As the global community works toward a treaty to eliminate plastic pollution, Africa is already taking proactive steps, according to the UN Conference on Trade and Development (UNCTAD).
Through UNCTAD’s SMEP programme, several East African nations are accelerating the shift toward a circular and regenerative economy. The East African Community (EAC) is reviewing a draft bill aimed at creating a regionally binding roadmap to phase out harmful single-use plastics.
The initiative seeks to eliminate cross-border gaps that can undermine national regulations, standardizing policies across Burundi, the Democratic Republic of the Congo, Kenya, Rwanda, Somalia, South Sudan, Uganda, and the United Republic of Tanzania. In addition to banning certain plastics, the draft legislation introduces Extended Producer Responsibility (EPR) rules, incentivizes sustainable materials, and provides measures to protect informal workers while integrating them into the formal waste economy.
“Plastic controls must be paired with business-enabling measures, supportive policy frameworks, sustainable finance and skills development,” said Abraham Korir Sing’Oei, a principal secretary at Kenya’s Ministry of Foreign and Diaspora Affairs (UNCTAD).
Across the continent, governments are moving beyond temporary bans and clean-ups, seeking to reform legal frameworks, markets, and supply chains to favor non-plastic alternatives, which could also serve as a new engine for industrial growth.
In West Africa, Ghana has launched a five-year implementation plan to reduce plastic packaging and make sustainable alternatives more commercially viable.
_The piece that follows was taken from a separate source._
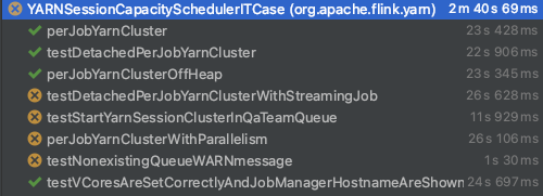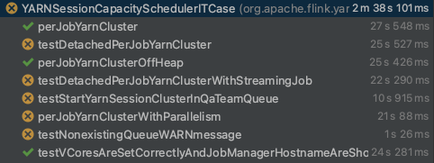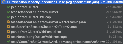 My feeling was that it is not a wrong decision if I start this whole task again from the beginning, so made some initial test running on my local env, with the actual prop file (so which does not include any changes from me). Proposed solution, based on my investigation and my results from the tests: After I did several tests running locally, it seems my first suggestion will not work (so the TimeBasedTriggeringPolicy) due to some file name discrepancy. Local test results with the usage of TimeBasedTriggeringPolicy:  Error message for the test case which is the subject of this pr: `java.lang.AssertionError: Expected string 'Starting TaskManagers' not found in JobManager log: '/Users/zchikan/git_upstream_flink/flink/flink-yarn-tests/../flink-yarn-tests/target/flink-yarn-tests-capacityscheduler/flink-yarn-tests-capacityscheduler-logDir-nm-1_0/application_1644588076877_0002/container_1644588076877_0002_01_000001/jobmanager.log.1-2022-02-11 15:01:57,898'` So as you can see, it just made flaky for me, so definitely we cannot merge as it is. So let’s start from the beginning. The below picture is just a snapshot, but after 10 attempts, the results were the same, so the mentioned test is not flaky for me with the originally used OnStartupTriggeringPolicy, however there were some other tests which failed. Let me add some understanding next to these:  1. Why that test is not flaky for me? This is a conclusion by my investigation and feelings, but since this log4j issue is mostly hardware and filesystem dependent, that can happen I have a slower/faster hardware and/or I have different filesystem related configs. But anyway it was impossible for me to reproduce the flakiness of that test, however as there is a known bug in the log4j community about the OnStartupTriggeringPolicy, I still propose to eliminate the usage of that. 2. Why other tests failed? Based on the error message what I got: ``` `java.lang.AssertionError: Found a file /Users/zchikan/git_upstream_flink/flink/flink-yarn-tests/target/flink-yarn-tests-capacityscheduler/flink-yarn-tests-capacityscheduler-logDir-nm-1_0/application_1644576720361_0001/container_1644576720361_0001_01_000002/taskmanager.log with a prohibited string (one of [Exception, Started [email protected]:8081]). Excerpts: [ 2022-02-11 11:52:22,249 INFO org.apache.flink.runtime.taskexecutor.DefaultJobLeaderService [] - Remove job 035dfa32c1968c6326a629fb2a00f741 from job leader monitoring. 2022-02-11 11:52:22,250 INFO org.apache.flink.runtime.taskexecutor.TaskExecutor [] - Close JobManager connection for job 035dfa32c1968c6326a629fb2a00f741. 2022-02-11 11:53:11,996 INFO org.apache.flink.runtime.taskexecutor.TaskExecutor [] - The heartbeat of ResourceManager with id 2b5f6ba27a24052671cafd4091b8404f timed out. 2022-02-11 11:53:11,996 INFO org.apache.flink.runtime.taskexecutor.TaskExecutor [] - Close ResourceManager connection 2b5f6ba27a24052671cafd4091b8404f. 2022-02-11 11:53:11,997 INFO org.apache.flink.runtime.taskexecutor.TaskExecutor [] - Connecting to ResourceManager akka.tcp://[email protected]:52790/user/rpc/resourcemanager_*(00000000000000000000000000000000). 2022-02-11 11:53:22,016 INFO org.apache.flink.runtime.taskexecutor.TaskExecutor [] - Could not resolve ResourceManager address akka.tcp://[email protected]:52790/user/rpc/resourcemanager_*, retrying in 10000 ms: Could not connect to rpc endpoint under address akka.tcp://[email protected]:52790/user/rpc/resourcemanager_*. 2022-02-11 11:53:32,016 INFO akka.remote.transport.ProtocolStateActor [] - No response from remote for outbound association. Associate timed out after [20000 ms]. 2022-02-11 11:53:32,017 WARN akka.remote.ReliableDeliverySupervisor [] - Association with remote system [akka.tcp://[email protected]:52790] has failed, address is now gated for [50] ms. Reason: [Association failed with [akka.tcp://[email protected]:52790]] Caused by: [No response from remote for outbound association. Associate timed out after [20000 ms].] 2022-02-11 11:53:32,035 INFO org.apache.flink.runtime.taskexecutor.TaskExecutor [] - Could not resolve ResourceManager address akka.tcp://[email protected]:52790/user/rpc/resourcemanager_*, retrying in 10000 ms: Could not connect to rpc endpoint under address akka.tcp://[email protected]:52790/user/rpc/resourcemanager_*. 2022-02-11 11:53:32,068 WARN akka.remote.transport.netty.NettyTransport [] - Remote connection to [null] failed with org.jboss.netty.channel.ConnectTimeoutException: connection timed out: /192.168.0.192:52790 2022-02-11 11:53:32,068 WARN akka.remote.transport.netty.NettyTransport [] - Remote connection to [null] failed with org.jboss.netty.channel.ConnectTimeoutException: connection timed out: /192.168.0.192:52790 ]` ``` After some investigation, it seems like a new kind of bug which is related to AKKA remoting, and as far as I know these kind of errors appear when your HostIP is not matching with the configured seed nodes, so it come from some discrepancy between my local config and akka.remote configuration. Or (and in my case it can be the possible reason) the association with remote system has failed because the executor likely ran out memory. And it is possible in my case, because after some invalidate cache round, and after a while the tests run successfully with my NEW changes which are: - the deletion of OnStartupTriggeringPolicy (and not use TimeBasedTriggeringPolicy) - The addition of CronTriggeringPolicy  (Short comment: after this only one occurrence, I always received the same test results with and without my changes) So a solution (if we would like to use any, next to the DefaultRolloverStrategy) can be the usage of the CronTriggeringPolicy. In my last commit, I was delete the TimeBasedTriggeringPolicy and add the CronTriggeringPolicy with a schedule like the triggering should happen in every hours (it can be changed if you would You can see the usual results of local test running, after my changes in the below picture:  However as I mentioned above

This plan, the first of its kind in the region, was developed with guidance from the UK-funded Sustainable Manufacturing and Environmental Pollution [SMEP] Programme of UNCTAD.
The blueprint aligns economic incentives, public procurement policies, and key performance indicators with Ghana’s broader industrial strategy. It is currently being piloted in sectors with the heaviest plastic use, including plastic mulch film, sachet water packaging, and carrier bags.
“This is a development strategy, not a waste strategy,” explained Ebenezer Laryea, a project director for SMEP in Ghana (UNCTAD).
The plan also links to forthcoming Extended Producer Responsibility [EPR] rules, positioning Ghana to compete in the emerging global circular bioeconomy. “We’re using plastics policy to drive broader industrial shift, rethinking how we trade and consume so that sustainability and the bioeconomy shape our path to economic growth,” Laryea added.
“Ghana’s transition provides an opportunity for both enhanced environmental protection and economic advancement, positioning the country as a hub for trade in plastic alternatives and natural substitutes,” said Larry Kottoe, Director of Ghana’s Environmental Protection Authority (UNCTAD).